## TASK BRIEF
Write out, word for word and with no pictures, each line below from the one containing "The shovel surface" through the one containing "Farbiges Glas; Bemalung mit Schwarzlot.", both included, and no other line.

(Entries taken from a collection)
____

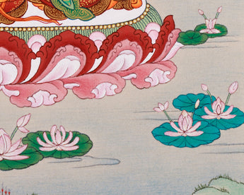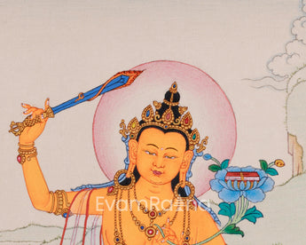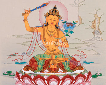 Embrace the elegance of our Unique Manjushri Thangka, featuring a small and one-of-a-kind depiction of the Buddhist deity Manjushri. Enhance your spiritual practice with this exclusive piece, crafted with intricate detail. Made for the discerning customer who appreciates the art, literature, and fashion of the world.
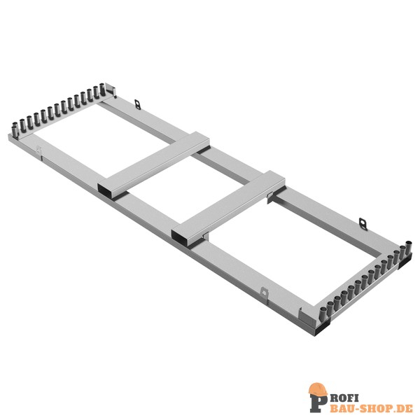 Robuste Schake Lager- und Transporttraverse für bis zu 29 Mobilzäune. Feuerverzinkt für Langlebigkeit und Korrosionsbeständigkeit. Ideal für Stapler- und Kranbetrieb.
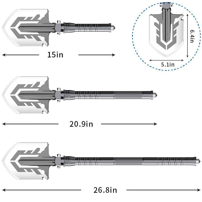 The shovel surface is designed with rotary cutter, fish cutter, survival cone, screwdriver (+/-) whistle, universal knife, big profile knife, hex tool, bottle opener, sawtooth, shovel and the detachable design is convenient for putting it directly into a backpack or car.
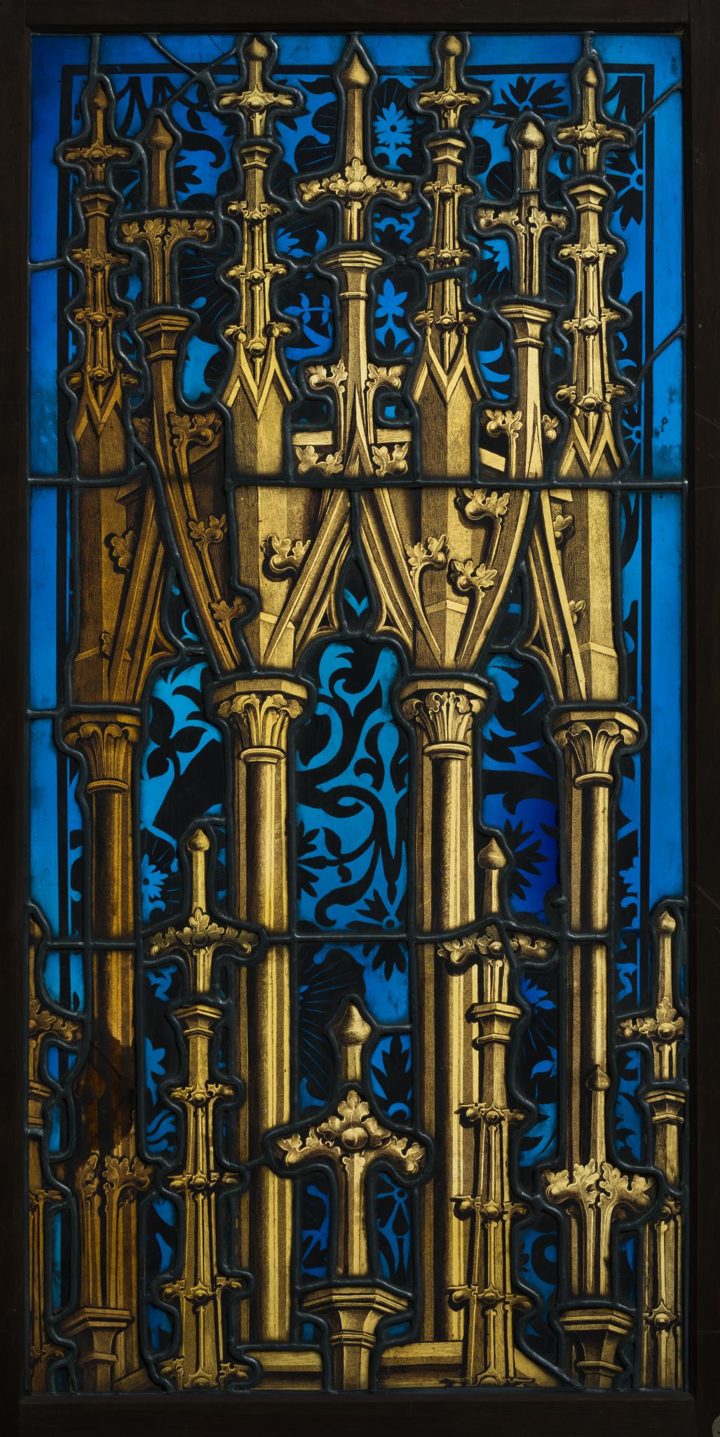 Farbiges Glas; Bemalung mit Schwarzlot.
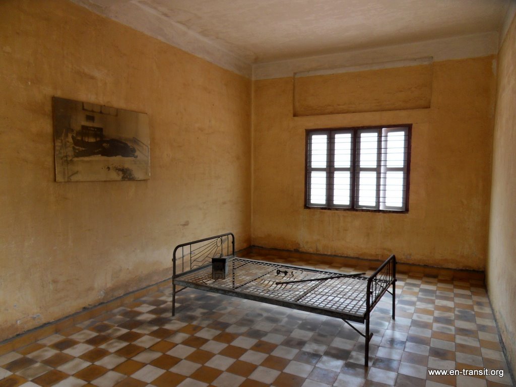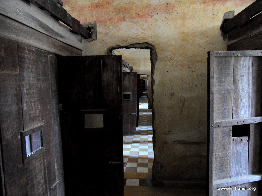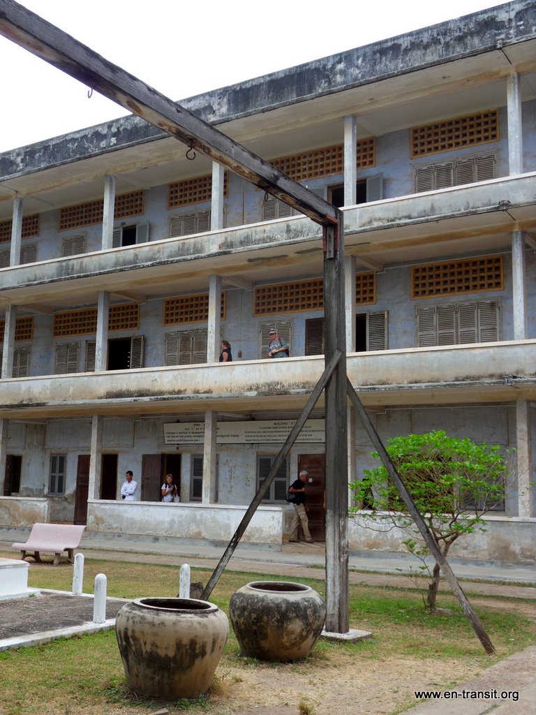 Tuol Sleng, en plein cœur de Phnom Penh, est aujourd'hui un musée. A l'origine c'était une école qui fût reconvertie en centre de sécurité sous Pol Pot. Les salles de classes furent découpées en cellules ou converties en salles de torture. Le centre S-21 est tristement célèbre pour le nombre de victimes qu'il drainait : plus de 100 morts par jour après interrogatoires et tortures à sa plus forte période. Lors de la visite, on découvre les bâtiments, les photos de nombreuses victimes (les Khmers Rouges, à l'instar des nazis, fichaient leurs victimes), des peintures, des récits de rescapés et les résumés des procès toujours en cours de quelques dirigeants khmers rouges. Quand les vietnamiens ont libérés le Cambodge en 1979, seuls 7 survivants furent libérés du camp S-21 : tous peintres ou photographes. Le plus difficile à comprendre, c'est que la plupart des victimes étaient prélevées au hasard dans la population (et aussi bien dans les rangs des khmers rouges). On leur faisait avouer être des agents de la CIA, du KGB ou participer à une conspiration quelconque. Ce qu'ils finissaient tous par faire avant d'être de toute façon exécutés.
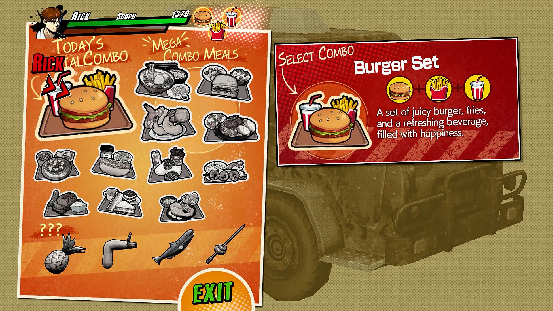 At the Tuff E Nuff, kitchen car, which also serves as a checkpoint in stages, you can combine the various food items you have. Creating combo meals with three types of food increases healing potential and may also grant special effects! Whether attacking or eating, combos are the way to go!
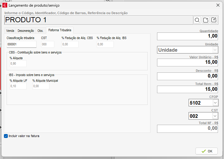 No lançamento de produtos, estarão visíveis os campos da nova tributação.

____

## RESULT FOR THIS EXERCISE
 The shovel surface is designed with rotary cutter, fish cutter, survival cone, screwdriver (+/-) whistle, universal knife, big profile knife, hex tool, bottle opener, sawtooth, shovel and the detachable design is convenient for putting it directly into a backpack or car.
 Farbiges Glas; Bemalung mit Schwarzlot.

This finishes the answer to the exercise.